Solve each system in Exercises 1–4 by using elementary row operations on the equations or on the augmented matrix. Follow the systematic elimination procedure.

4. Find the point of intersection of the lines \({x_1} - 5{x_2} = 1\) and on the line \(3{x_1} - 7{x_2} = 5\).

Short answer

The point of intersection is \(\left( {{x_1},{x_2}} \right) \equiv \left( {\frac{9}{4},\frac{1}{4}} \right)\).

Step-by-step solution

Convert the given system of equations into an augmented matrix

To express a system in theaugmented matrix form, extract the coefficients of the variables and the constants and place these entries in the column of the matrix.

Thus, the augmented matrix for the given system of equations \({x_1} - 5{x_2} = 1\) and \(3{x_1} - 7{x_2} = 5\) is represented as

\(\left( {\begin{aligned}{*{20}{c}}1&{ - 5}&1\\3&{ - 7}&5\end{aligned}} \right)\)

Apply row operation

To get the point of intersection of the system of equations, you are required to eliminate one of the variables, \({x_1}\) or \({x_2}\).

Use the \({x_1}\) term in the first equation to eliminate the \(3{x_1}\) term from the second equation.

A basic principle states that row operations do not affect the solution set of a linear system. Perform an elementary row operationon the matrix \(\left( {\begin{aligned}{*{20}{c}}1&{ - 5}&1\\3&{ - 7}&5\end{aligned}} \right)\) as shown below.

Add \( - 3\) times row 1 to row 2; i.e., \({R_2} \to {R_2} - 3{R_1}\).

\(\left( {\begin{aligned}{*{20}{c}}1&{ - 5}&1\\{3 - 3\left( 1 \right)}&{ - 7 - 3\left( { - 5} \right)}&{5 - 3\left( 1 \right)}\end{aligned}} \right)\)

After the row operation, the matrix becomes

\(\left( {\begin{aligned}{*{20}{c}}1&{ - 5}&1\\0&8&2\end{aligned}} \right)\)

Apply row operation

To obtain 1 as the coefficient of \({x_2}\), perform an elementary row operationon the matrix \(\left( {\begin{aligned}{*{20}{c}}1&{ - 5}&1\\0&8&2\end{aligned}} \right)\) as shown below.

Multiply row 2 by \(\frac{1}{8};\) i.e., \({R_2} \to \frac{1}{8}{R_2}\).

\(\left( {\begin{aligned}{*{20}{c}}1&{ - 5}&1\\{\frac{0}{8}}&{\frac{8}{8}}&{\frac{2}{8}}\end{aligned}} \right)\)
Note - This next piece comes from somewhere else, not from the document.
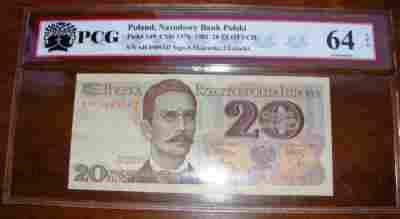 BANKNOT 20ZŁ 1982 GRADING UNC64 STAN I

After the row operation, the matrix becomes

\(\left( {\begin{aligned}{*{20}{c}}1&{ - 5}&1\\0&1&{\frac{1}{4}}\end{aligned}} \right)\)

Apply row operation

Use the \({x_1}\) term in the second equation to eliminate the \( - 5{x_2}\) term from the first equation. Perform an elementary row operationon the matrix \(\left( {\begin{aligned}{*{20}{c}}1&{ - 5}&1\\0&1&{\frac{1}{4}}\end{aligned}} \right)\) as shown below.

Add 5 times row 2 to row 1; i.e., \({R_1} \to {R_1} + 5{R_2}\).
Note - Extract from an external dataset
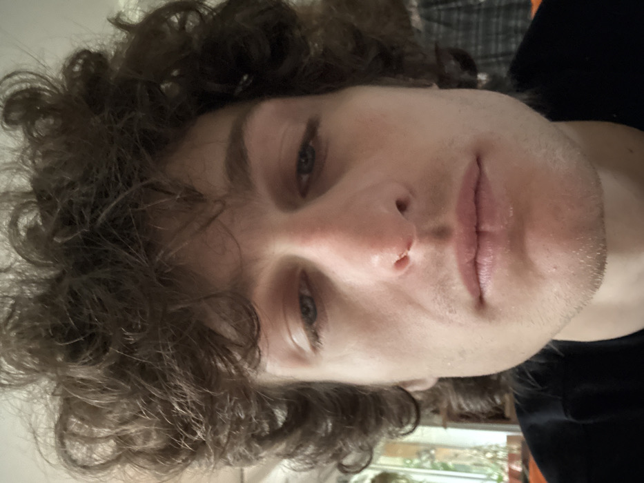 A close-up, frontal portrait captures a male subject indoors in Vincennes, France. The adult individual possesses fair skin, dense brown curly hair, and prominent eyebrows. His blue eyes are partially open, gazing slightly downwards, exhibiting minor redness in the lower eyelids. A small scab is visible on the bridge of the nose. The subject's mouth is closed, featuring full, pink-toned lips. Light stubble covers the chin and jawline. He wears a black crew-neck shirt. The background is blurred, revealing indistinct green foliage on the left and a vague plaid or checkered fabric pattern on the right. The scene is illuminated by soft, ambient light.

\(\left( {\begin{aligned}{*{20}{c}}{1 + 5\left( 0 \right)}&{ - 5 + 5\left( 1 \right)}&{1 + 5\left( {\frac{1}{4}} \right)}\\0&1&{\frac{1}{4}}\end{aligned}} \right)\)
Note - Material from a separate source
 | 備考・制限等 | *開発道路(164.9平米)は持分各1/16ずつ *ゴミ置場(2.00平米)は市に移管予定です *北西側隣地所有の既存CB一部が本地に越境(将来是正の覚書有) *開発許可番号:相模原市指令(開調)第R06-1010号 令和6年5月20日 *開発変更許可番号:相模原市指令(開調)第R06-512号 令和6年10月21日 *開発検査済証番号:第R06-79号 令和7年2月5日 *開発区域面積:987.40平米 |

After the row operation, the matrix becomes

\(\left( {\begin{aligned}{*{20}{c}}1&0&{\frac{9}{4}}\\0&1&{\frac{1}{4}}\end{aligned}} \right)\)

Convert the matrix into the equation

To obtain the solution of the system of equations, you have to convert the augmented matrix into the system of equations again.

Write the obtained matrix \(\left( {\begin{aligned}{*{20}{c}}1&0&{\frac{9}{4}}\\0&1&{\frac{1}{4}}\end{aligned}} \right)\)into the equation notation:

\(\begin{aligned}{c}{x_1} + 0\left( {{x_2}} \right) = \frac{9}{4}\\0\left( {{x_1}} \right) + {x_2} = \frac{1}{4}\end{aligned}\)

Obtain the solution of the system of equations

Now, obtain the point of intersection of the system of equations by equating \({x_1}\) to \(\frac{9}{4}\) and \({x_2}\) to \(\frac{1}{4}\):

\(\begin{aligned}{c}{x_1} = \frac{9}{4}\\{x_2} = \frac{1}{4}\end{aligned}\)

Thus, the point of intersection is \(\left( {{x_1},{x_2}} \right) \equiv \left( {\frac{9}{4},\frac{1}{4}} \right).\)